■ Prompt ■
Transcribe only the lines in the data below falling between the line with "قاطعة قائلا : (( أسكت" and the line with "这将使您能够轻松地与所有朋友", including those two lines, and leave out any picture.
--- Source data Enclosed Below ---
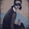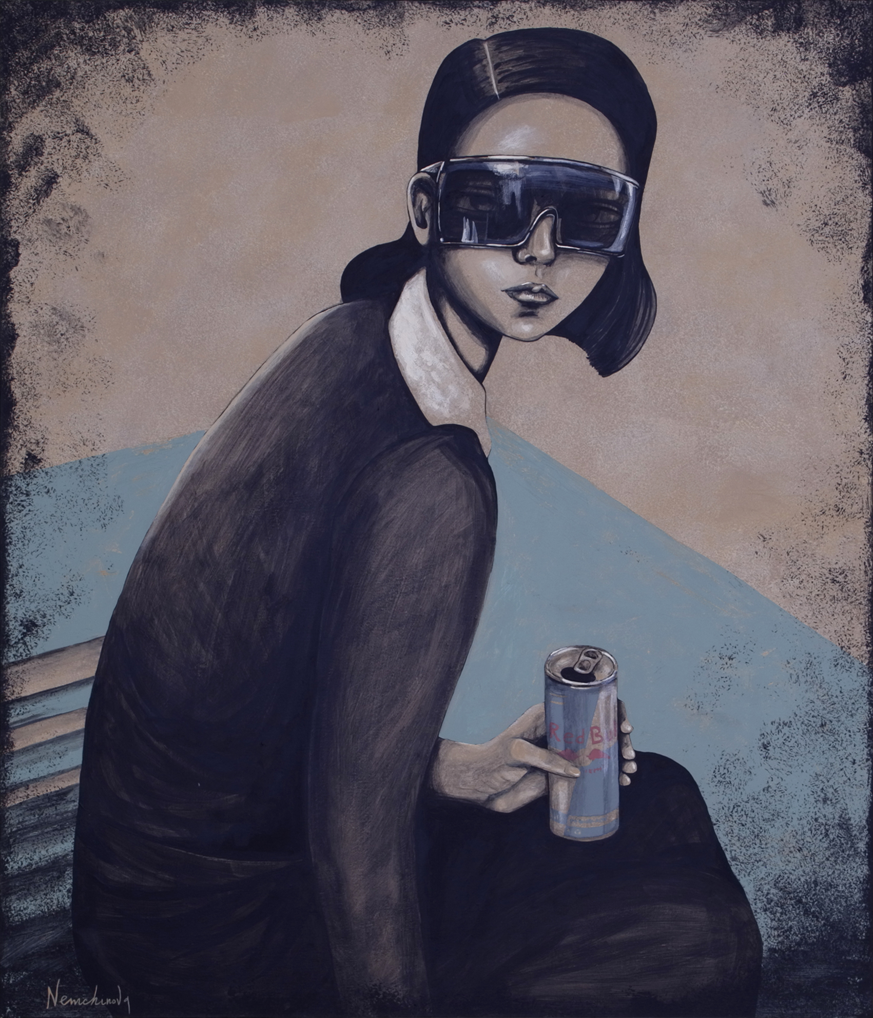 Before us is a girl in a dark dress with a white collar, sitting on a bench. She is depicted in profile, but slightly turned towards the viewer. Her hair is combed smoothly, and her eyes are hidden behind massive modern glasses that dominate her face, making the image almost futuristic. In her hand, she holds a can of drink - probably an energy drink, as indicated by the partially readable logo on the aluminum surface of the can. The range of the work is maintained in restrained tones, giving emphasis to the accessories. The background is minimalist: the blue triangle can be a carpet or just part of an abstract space, and the edges of the canvas are processed with a rough black frame. The girl's gaze is serious, as if she is busy with her thoughts or immersed in contemplation.
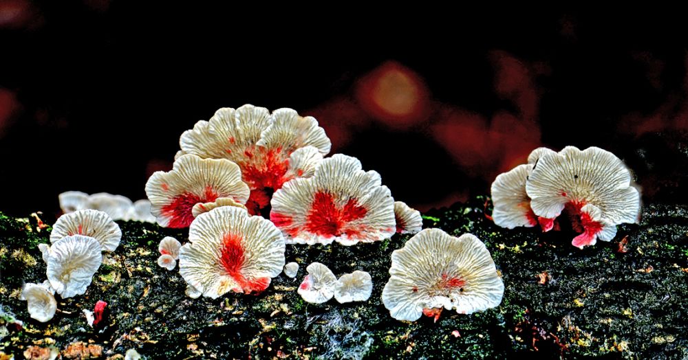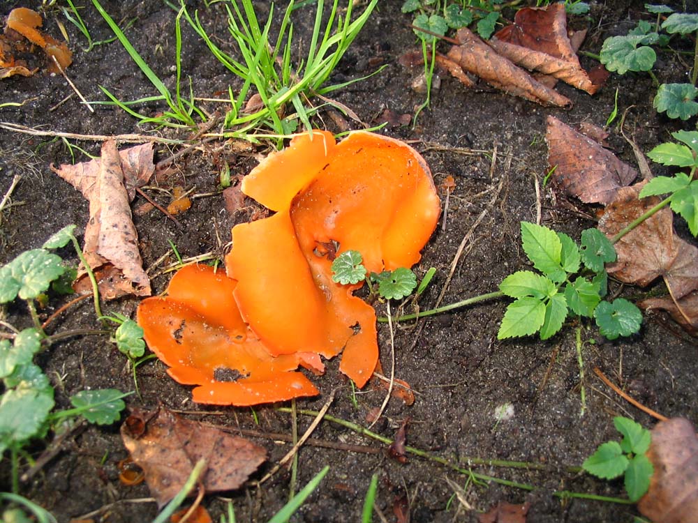 Twee foto’s die ik 24 oktober maakte van deze oranje mini paddenstoelen.
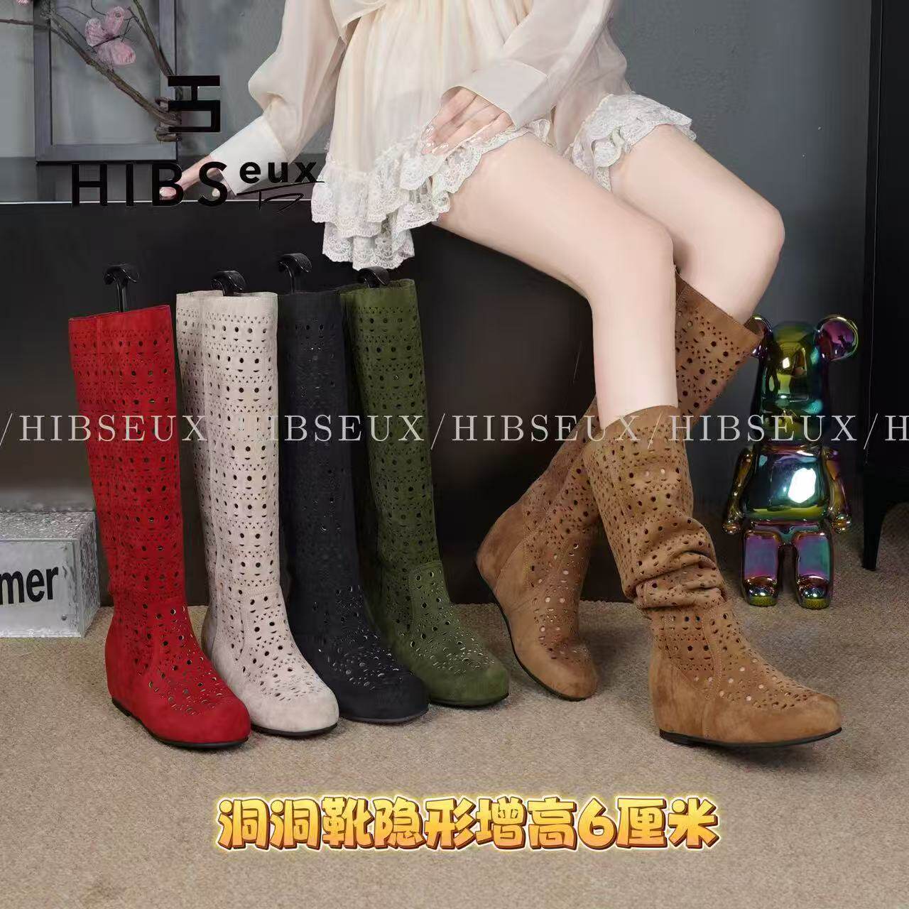 夏天靴子增高6公分旅游穿搭法式透气长靴舒适软底镂空女款长筒靴
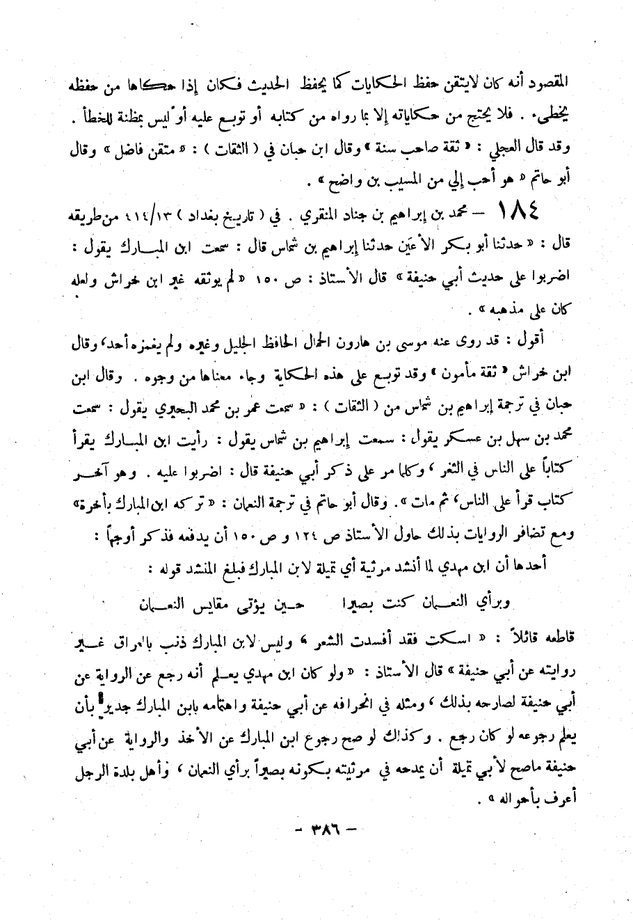 قاطعة قائلا : (( أسكت فقد أفسدت الشعر وليس لأبن المبارك ذنب بالعراق غير روايته عن أبي حنيفة )) قال الأستاذ : (( ولو كان ابن مهدي يعلم أنه رجع عن الرواية عن أبي حنيفة لصارحه بذلك ومثله في انحرافه عن أبي حنيفة واهتمامه بابن المبارك جدير بأن يعلم رجوعه لو كان رجع .
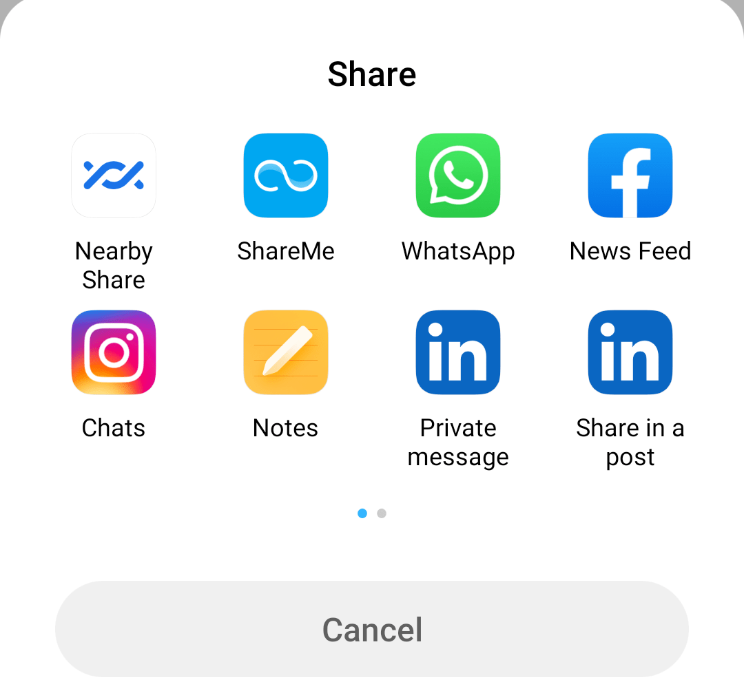 这将使您能够轻松地与所有朋友和家人共享网站链接。您还可以选择手机上已安装的共享应用程序。
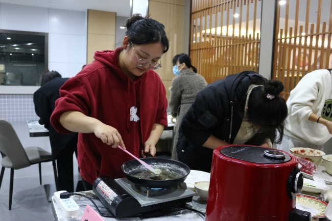 随着裁判一声令下,比赛正式开始。比赛现场,选手们有的和面,有的剁馅,有的擀皮,有的烹煮,有的摆盘,大家纷纷找到自己拿手的项目,展现着自己的身手。加油声,欢呼声,欢笑声,充斥着整个餐厅,比赛紧张而欢乐。
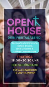 Jeden Freitag Abend (außer in den Ferien) treffen wir uns um 18:00 Uhr im Gemeindehaus der FeG Schönbach um zu chillen, eine gute Zeit miteinander zu verbringen & Spaß zu haben.
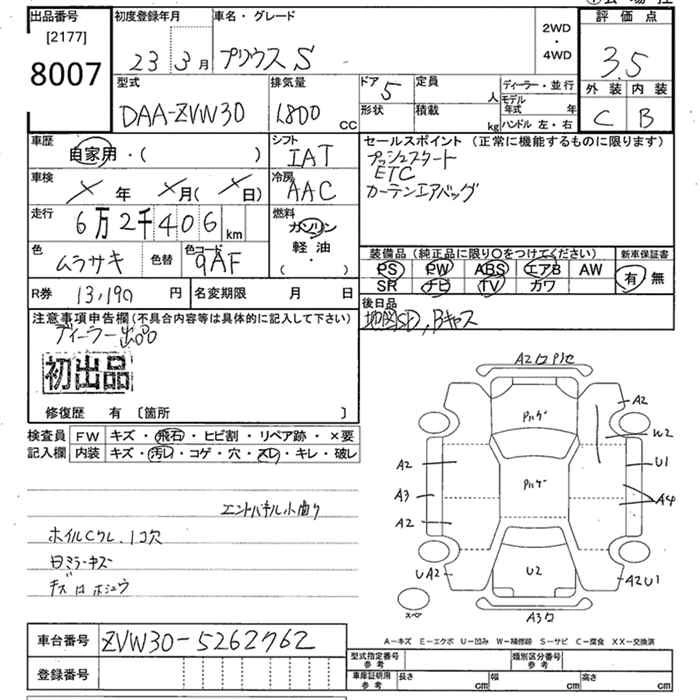 | G | DAA-ZVW30 | 2ZR-FXE | FF | CVT | 1797cc | 99ps(73kW)/5200rpm | AИ-92 | 2 520 000 | |
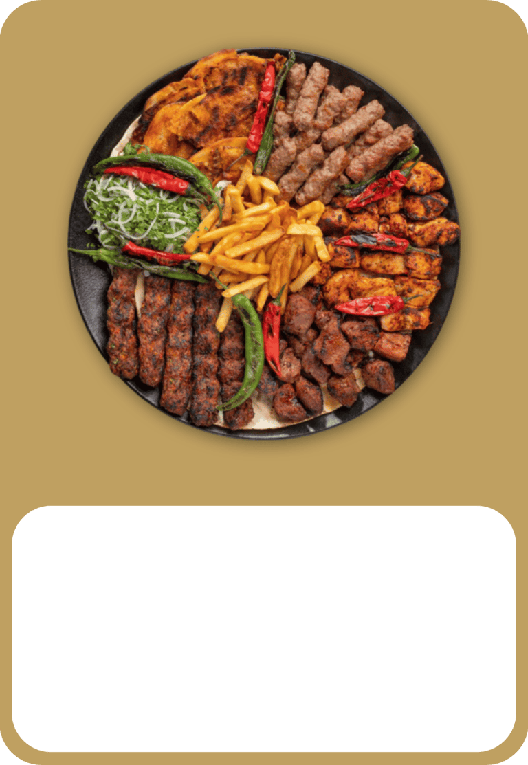 Eine Auswahl saftiger Kebap-, Lamm- und Hähnchenspieße, serviert mit Salat, Hummus und Ihrer Wahl aus Reis oder Pommes – ein echtes Highlight für Fleischliebhaber.
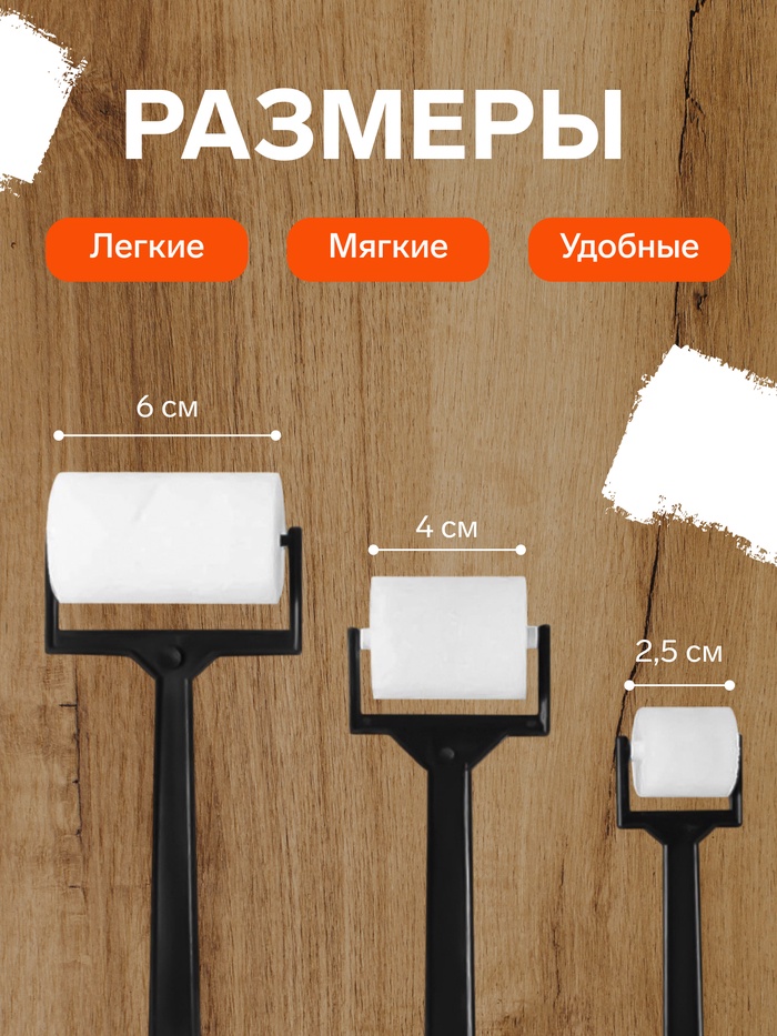 Набор валиков для рисования, поролон, 3 штуки
--- End of Enclosed Source data ---
■ Task response ■
 قاطعة قائلا : (( أسكت فقد أفسدت الشعر وليس لأبن المبارك ذنب بالعراق غير روايته عن أبي حنيفة )) قال الأستاذ : (( ولو كان ابن مهدي يعلم أنه رجع عن الرواية عن أبي حنيفة لصارحه بذلك ومثله في انحرافه عن أبي حنيفة واهتمامه بابن المبارك جدير بأن يعلم رجوعه لو كان رجع .
 这将使您能够轻松地与所有朋友和家人共享网站链接。您还可以选择手机上已安装的共享应用程序。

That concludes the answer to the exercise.